The 3 acellular pertussis antigens (PT, FHA, and pertactin) are isolated from Bordetella pertussis culture grown in modified Stainer-Scholte liquid medium. PT and FHA are isolated from the fermentation broth; pertactin is extracted from the cells by heat treatment and flocculation. The antigens are purified in successive chromatographic and precipitation steps. PT is detoxified using glutaraldehyde and formaldehyde. FHA and pertactin are treated with formaldehyde.

The hepatitis B surface antigen (HBsAg) is obtained by culturing genetically engineered Saccharomyces cerevisiae cells, which carry the surface antigen gene of the hepatitis B virus, in synthetic medium. The surface antigen expressed in the S. cerevisiae cells is purified by several physiochemical steps, which include precipitation, ion exchange chromatography, and ultrafiltration. The purified HBsAg undergoes dialysis with cysteine to remove residual thimerosal.

The inactivated poliovirus component of PEDIARIX is an enhanced potency component. Each of the 3 strains of poliovirus is individually grown in VERO cells, a continuous line of monkey kidney cells, cultivated on microcarriers. Calf serum and lactalbumin hydrolysate are used during VERO cell culture and/or virus culture. Calf serum is sourced from countries the USDA has determined neither have nor are at risk of BSE. After clarification, each viral suspension is purified by ultrafiltration, diafiltration, and successive chromatographic steps, and inactivated with formaldehyde. The 3 purified viral strains are then pooled to form a trivalent concentrate.

The diphtheria, tetanus, and pertussis antigens are individually adsorbed onto aluminum hydroxide; hepatitis B component is adsorbed onto aluminum phosphate. All antigens are then diluted and combined to produce the final formulated vaccine. Each 0.5-mL dose is formulated to contain 25 Lf of diphtheria toxoid, 10 Lf of tetanus toxoid, 25 mcg of inactivated PT, 25 mcg of FHA, 8 mcg of pertactin, 10 mcg of HBsAg, 40 D-antigen Units (DU) of Type 1 poliovirus, 8 DU of Type 2 poliovirus, and 32 DU of Type 3 poliovirus.
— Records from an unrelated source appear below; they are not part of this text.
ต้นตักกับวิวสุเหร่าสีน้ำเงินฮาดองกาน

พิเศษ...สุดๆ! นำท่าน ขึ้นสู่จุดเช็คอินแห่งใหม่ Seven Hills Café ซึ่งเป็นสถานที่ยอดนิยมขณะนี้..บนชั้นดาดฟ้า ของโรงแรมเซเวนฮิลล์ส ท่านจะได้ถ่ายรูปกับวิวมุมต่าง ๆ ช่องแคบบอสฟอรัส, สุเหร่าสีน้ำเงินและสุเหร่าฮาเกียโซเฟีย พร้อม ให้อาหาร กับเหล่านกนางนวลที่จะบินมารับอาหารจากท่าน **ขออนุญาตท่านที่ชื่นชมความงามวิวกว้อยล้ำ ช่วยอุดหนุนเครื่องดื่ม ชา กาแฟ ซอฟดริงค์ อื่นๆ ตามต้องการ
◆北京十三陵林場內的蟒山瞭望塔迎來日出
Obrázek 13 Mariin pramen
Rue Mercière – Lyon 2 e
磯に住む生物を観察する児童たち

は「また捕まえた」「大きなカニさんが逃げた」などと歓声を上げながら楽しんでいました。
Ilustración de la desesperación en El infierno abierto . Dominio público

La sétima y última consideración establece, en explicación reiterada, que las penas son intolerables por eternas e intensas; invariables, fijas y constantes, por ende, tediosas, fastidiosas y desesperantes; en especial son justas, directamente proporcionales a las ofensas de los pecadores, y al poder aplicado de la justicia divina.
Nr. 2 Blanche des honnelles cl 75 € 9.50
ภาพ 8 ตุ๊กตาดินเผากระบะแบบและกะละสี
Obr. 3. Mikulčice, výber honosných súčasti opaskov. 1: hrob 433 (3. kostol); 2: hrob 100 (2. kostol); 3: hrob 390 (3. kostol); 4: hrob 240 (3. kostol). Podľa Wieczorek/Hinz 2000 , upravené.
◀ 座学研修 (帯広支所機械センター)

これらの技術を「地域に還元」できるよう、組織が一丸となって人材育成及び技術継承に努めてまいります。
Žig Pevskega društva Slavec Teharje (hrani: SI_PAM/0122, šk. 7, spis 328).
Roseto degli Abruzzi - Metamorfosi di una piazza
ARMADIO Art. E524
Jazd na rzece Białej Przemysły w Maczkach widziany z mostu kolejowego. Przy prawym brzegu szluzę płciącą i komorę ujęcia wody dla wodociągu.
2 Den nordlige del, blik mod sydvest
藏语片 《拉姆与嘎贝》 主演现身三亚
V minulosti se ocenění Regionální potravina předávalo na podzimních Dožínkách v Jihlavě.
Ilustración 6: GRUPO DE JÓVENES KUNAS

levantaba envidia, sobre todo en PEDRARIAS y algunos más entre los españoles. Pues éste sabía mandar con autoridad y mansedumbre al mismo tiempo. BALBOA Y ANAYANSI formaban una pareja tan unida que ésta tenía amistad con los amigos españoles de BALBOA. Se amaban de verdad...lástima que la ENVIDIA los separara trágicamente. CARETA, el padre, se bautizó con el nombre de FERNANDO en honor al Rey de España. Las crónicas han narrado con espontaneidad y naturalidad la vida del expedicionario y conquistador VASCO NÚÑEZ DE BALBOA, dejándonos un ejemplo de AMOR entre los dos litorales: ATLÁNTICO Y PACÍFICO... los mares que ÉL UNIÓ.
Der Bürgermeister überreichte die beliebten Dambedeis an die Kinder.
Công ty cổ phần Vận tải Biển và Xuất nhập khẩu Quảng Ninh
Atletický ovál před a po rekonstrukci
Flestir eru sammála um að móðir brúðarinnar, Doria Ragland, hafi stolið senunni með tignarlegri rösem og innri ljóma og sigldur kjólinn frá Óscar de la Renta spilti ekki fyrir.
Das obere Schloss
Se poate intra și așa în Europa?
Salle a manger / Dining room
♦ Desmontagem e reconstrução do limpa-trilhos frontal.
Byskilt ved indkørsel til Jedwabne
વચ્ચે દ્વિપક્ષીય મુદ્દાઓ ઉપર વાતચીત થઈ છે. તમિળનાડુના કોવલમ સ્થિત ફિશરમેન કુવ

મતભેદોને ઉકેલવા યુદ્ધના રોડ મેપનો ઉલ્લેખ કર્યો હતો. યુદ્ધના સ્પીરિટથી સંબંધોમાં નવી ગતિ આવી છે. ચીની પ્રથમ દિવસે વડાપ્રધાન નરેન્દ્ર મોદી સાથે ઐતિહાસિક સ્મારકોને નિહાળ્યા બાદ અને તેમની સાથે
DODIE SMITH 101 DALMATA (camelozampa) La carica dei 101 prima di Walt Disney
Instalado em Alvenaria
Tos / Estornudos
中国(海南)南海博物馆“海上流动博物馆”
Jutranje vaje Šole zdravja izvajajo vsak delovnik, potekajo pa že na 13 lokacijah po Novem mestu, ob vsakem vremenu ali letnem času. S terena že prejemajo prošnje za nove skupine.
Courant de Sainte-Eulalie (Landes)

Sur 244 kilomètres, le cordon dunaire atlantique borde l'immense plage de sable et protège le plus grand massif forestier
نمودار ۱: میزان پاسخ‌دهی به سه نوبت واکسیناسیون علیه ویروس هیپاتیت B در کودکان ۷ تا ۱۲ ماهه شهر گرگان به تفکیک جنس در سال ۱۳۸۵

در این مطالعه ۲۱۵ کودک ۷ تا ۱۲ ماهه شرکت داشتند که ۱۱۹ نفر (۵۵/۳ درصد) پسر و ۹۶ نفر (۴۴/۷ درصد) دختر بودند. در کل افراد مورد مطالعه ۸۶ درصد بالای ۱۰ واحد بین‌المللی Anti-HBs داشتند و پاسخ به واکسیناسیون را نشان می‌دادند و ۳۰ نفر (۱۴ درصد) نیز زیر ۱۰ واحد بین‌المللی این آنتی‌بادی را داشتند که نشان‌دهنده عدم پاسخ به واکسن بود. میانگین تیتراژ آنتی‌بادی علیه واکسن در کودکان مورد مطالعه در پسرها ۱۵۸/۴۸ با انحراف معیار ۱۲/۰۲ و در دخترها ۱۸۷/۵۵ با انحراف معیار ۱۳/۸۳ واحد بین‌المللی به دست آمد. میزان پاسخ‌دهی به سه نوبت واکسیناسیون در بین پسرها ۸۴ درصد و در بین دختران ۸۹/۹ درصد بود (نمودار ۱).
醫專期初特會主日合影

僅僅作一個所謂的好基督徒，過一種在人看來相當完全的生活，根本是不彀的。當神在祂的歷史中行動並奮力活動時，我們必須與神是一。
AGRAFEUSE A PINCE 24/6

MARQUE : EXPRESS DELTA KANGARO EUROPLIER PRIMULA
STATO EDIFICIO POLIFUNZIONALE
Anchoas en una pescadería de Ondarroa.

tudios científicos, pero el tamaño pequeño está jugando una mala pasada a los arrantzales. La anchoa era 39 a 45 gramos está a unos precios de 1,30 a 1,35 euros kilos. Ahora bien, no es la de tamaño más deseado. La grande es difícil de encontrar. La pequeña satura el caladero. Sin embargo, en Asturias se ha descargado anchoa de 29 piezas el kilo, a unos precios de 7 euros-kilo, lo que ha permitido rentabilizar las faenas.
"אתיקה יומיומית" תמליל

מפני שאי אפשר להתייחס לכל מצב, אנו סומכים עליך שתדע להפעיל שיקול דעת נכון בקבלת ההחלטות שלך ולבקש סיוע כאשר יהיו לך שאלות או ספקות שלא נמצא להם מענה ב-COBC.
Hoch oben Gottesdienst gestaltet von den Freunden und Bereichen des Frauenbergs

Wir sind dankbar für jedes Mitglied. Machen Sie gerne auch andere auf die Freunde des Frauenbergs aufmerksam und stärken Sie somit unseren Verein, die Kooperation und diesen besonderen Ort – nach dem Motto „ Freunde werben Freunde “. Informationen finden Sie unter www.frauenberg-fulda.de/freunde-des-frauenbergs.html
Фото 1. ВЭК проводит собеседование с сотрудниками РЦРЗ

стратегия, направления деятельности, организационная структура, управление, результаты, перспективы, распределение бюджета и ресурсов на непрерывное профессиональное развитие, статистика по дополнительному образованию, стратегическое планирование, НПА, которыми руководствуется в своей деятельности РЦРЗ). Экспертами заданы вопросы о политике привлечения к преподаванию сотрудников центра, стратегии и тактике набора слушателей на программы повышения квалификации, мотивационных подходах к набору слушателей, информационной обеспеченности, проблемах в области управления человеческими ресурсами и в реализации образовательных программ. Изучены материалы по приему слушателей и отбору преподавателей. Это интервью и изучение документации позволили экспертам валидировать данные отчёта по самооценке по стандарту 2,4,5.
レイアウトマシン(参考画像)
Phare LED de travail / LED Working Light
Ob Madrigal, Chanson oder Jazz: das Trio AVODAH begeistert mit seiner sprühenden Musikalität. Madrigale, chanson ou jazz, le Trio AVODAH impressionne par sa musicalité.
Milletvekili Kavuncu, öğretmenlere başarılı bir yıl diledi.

Diphtheria and tetanus toxoid potency is determined by measuring the amount of neutralizing antitoxin in previously immunized guinea pigs. The potency of the acellular pertussis components (PT, FHA, and pertactin) is determined by enzyme-linked immunosorbent assay (ELISA) on sera from previously immunized mice. Potency of the hepatitis B component is established by HBsAg ELISA. The potency of the inactivated poliovirus component is determined by using the D-antigen ELISA and by a poliovirus neutralizing cell culture assay on sera from previously immunized rats.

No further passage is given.